HomeArticle

Let's talk about the business strategies of Token going global: If China opens its models to the world, what can it gain?

刘飞2026-03-26 15:49
After tokens become as essential as water, electricity, and gas.

01

There's an interesting AI news this weekend. Let me share it with you.

On March 19th, the AI programming tool Cursor released a new model called Composer 2, which is described as a "proprietary model" on its official website.

Cursor is currently the most popular AI programming tool globally. Essentially, it's a modified version of VS Code with deeply integrated AI capabilities (a similar one in China is ByteDance's TRAE). Since the release of Composer 1 in October 2024, the outside world has suspected that its model is a re - packaged one, but no evidence was found.

Now, the evidence is here. Less than 24 hours after the release, a developer @fynnso came up with a clever idea: he set up his own server as a model interface and then pointed the model address in the local Cursor to his server. In this way, the requests sent by Cursor were exposed: the model ID is kimi - k2p5 - rl - 0317 - s515 - fast.

The base model of Composer 2 is Kimi K2.5 from the dark side.

After the screenshots spread, Cursor quickly patched the loophole, but it was too late. Elon Musk also reposted the news to confirm it.

Finally, a Cursor executive responded, admitting the use of K2.5 but emphasizing that it was obtained through a legal authorization from the partner Fireworks AI. The Kimi official also confirmed this authorization chain. From a legal perspective, Cursor did not infringe on any rights.

There has been a lot of discussion about this incident, but I want to discuss it from another perspective.

02

In the past two years, there has been an underlying trend in the AI field.

In 2023, the mainstream approach for domestic AI startups was to fine - tune Meta's Llama. At that time, the industry consensus was that we were "two generations behind Silicon Valley".

In May 2024, DeepSeek released V2. This company, incubated from the quantitative fund Magic Square, used two technologies, MoE (Mixture of Experts) and MLA (Multimodal Learning Architecture), to significantly reduce the model's call cost. I wrote about the logic of MoE in my previous biography of DeepSeek. Simply put, instead of making the large model a generalist, it becomes a group of experts, and the one needed is awakened. MLA significantly reduces memory usage, and the video memory pressure is 67% - 90% lower than the traditional architecture.

At that time, people's impression of DeepSeek was mainly "cheap". When V3 was released in December, with new technologies such as FP8 low - precision training added, the official disclosed full - training cost was $5.576 million, about one - tenth of the training cost of Meta Llama 3.1, but its performance was basically on par with GPT - 4.

Then in January 2025, R1 was released.

I also talked about why R1 is important in my biography.
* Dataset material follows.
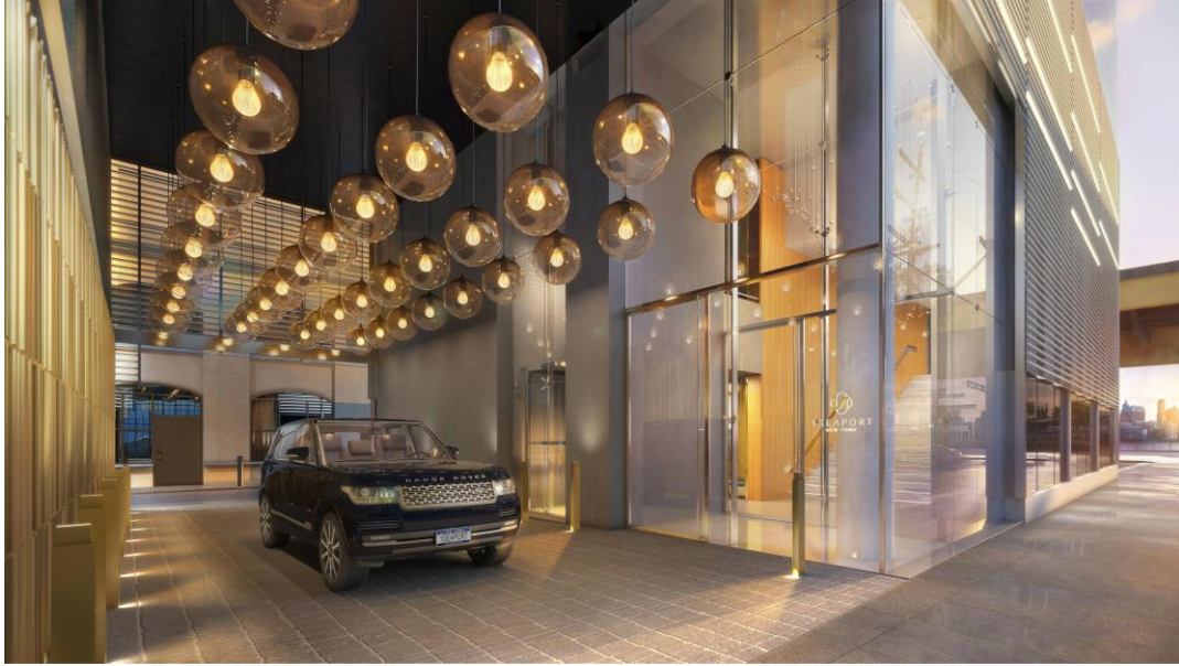
Porte cochère at 1 Seaport.

The most core point is that it achieved the inference level of OpenAI o1 through pure reinforcement learning (pure RL), without the need for manually labeled question banks or supervised fine - tuning. It allows the model to play against itself and evaluate what a good answer is. This is not "doing what you've done with less money", but "taking a path no one has ever taken".

After R1, Altman of OpenAI first subtly mocked DeepSeek for "just replicating known work", but later admitted that "the emergence of DeepSeek has changed the situation where OpenAI has been far ahead in the past few years". It is reported that Meta established several special teams to analyze DeepSeek's methods.

This is the first wave.

The second wave comes from Kimi. At the end of January 2026, K2.5 was released. It is a MoE model with trillions of parameters, natively multimodal, and performs well in code generation, visual understanding, and Agent tool calls. The key is that it is open - source, using the Modified MIT license.
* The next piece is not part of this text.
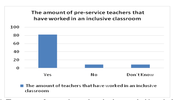
Fig. 1. The amount of pre-service teachers that have worked in an inclusive classroom.

regardless of their mental health issues, emotional and behavioural disorders, race, sex, creed, ethnicity or disability. The first question is entitled to show if children with special needs are included in mainstream schools.

Shortly after its release, the call volume of K2.5 on OpenRouter (an aggregation platform for global developers to select and call AI models) reached the first place, ahead of Gemini 3 Flash and Claude Sonnet 4.5. Of course, at that time, K2.5 could be called for free in the OpenClaw ecosystem, which significantly boosted the call volume.
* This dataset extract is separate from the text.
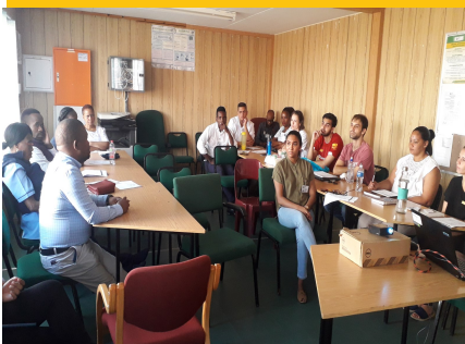
INDUCTION & ORIENTATION... READ MORE ON PAGE 03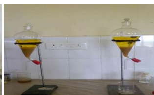
Separation of bio diesel

Three years ago, domestic companies were fine - tuning Llama. Now, top - tier tools in Silicon Valley are fine - tuning K2.5. The speed of this change has exceeded most people's expectations and is something many of us didn't anticipate before.

03

Now, we come to a more fundamental question: what exactly is the "supply chain" of open - source models?

Most people's understanding of "open - source" stops at: free download and personal use. They think the value of DeepSeek and Kimi is "bringing down the price for everyone".

First of all, this is certainly correct, but in the real business world, the circulation path of open - source models is far more than that.

Taking the Cursor case as an example, the complete chain is as follows:

Kimi open - sources K2.5 → The Silicon Valley inference service provider Fireworks AI obtains the authorization, conducts hosting, fine - tuning, and reinforcement learning training → Fireworks AI re - authorizes Cursor → Cursor packages it as Composer 2 and provides it to global developers.

There are technical services, authorization agreements, and commercial interest distributions at each level. This is still a commercial behavior, not a public - welfare one.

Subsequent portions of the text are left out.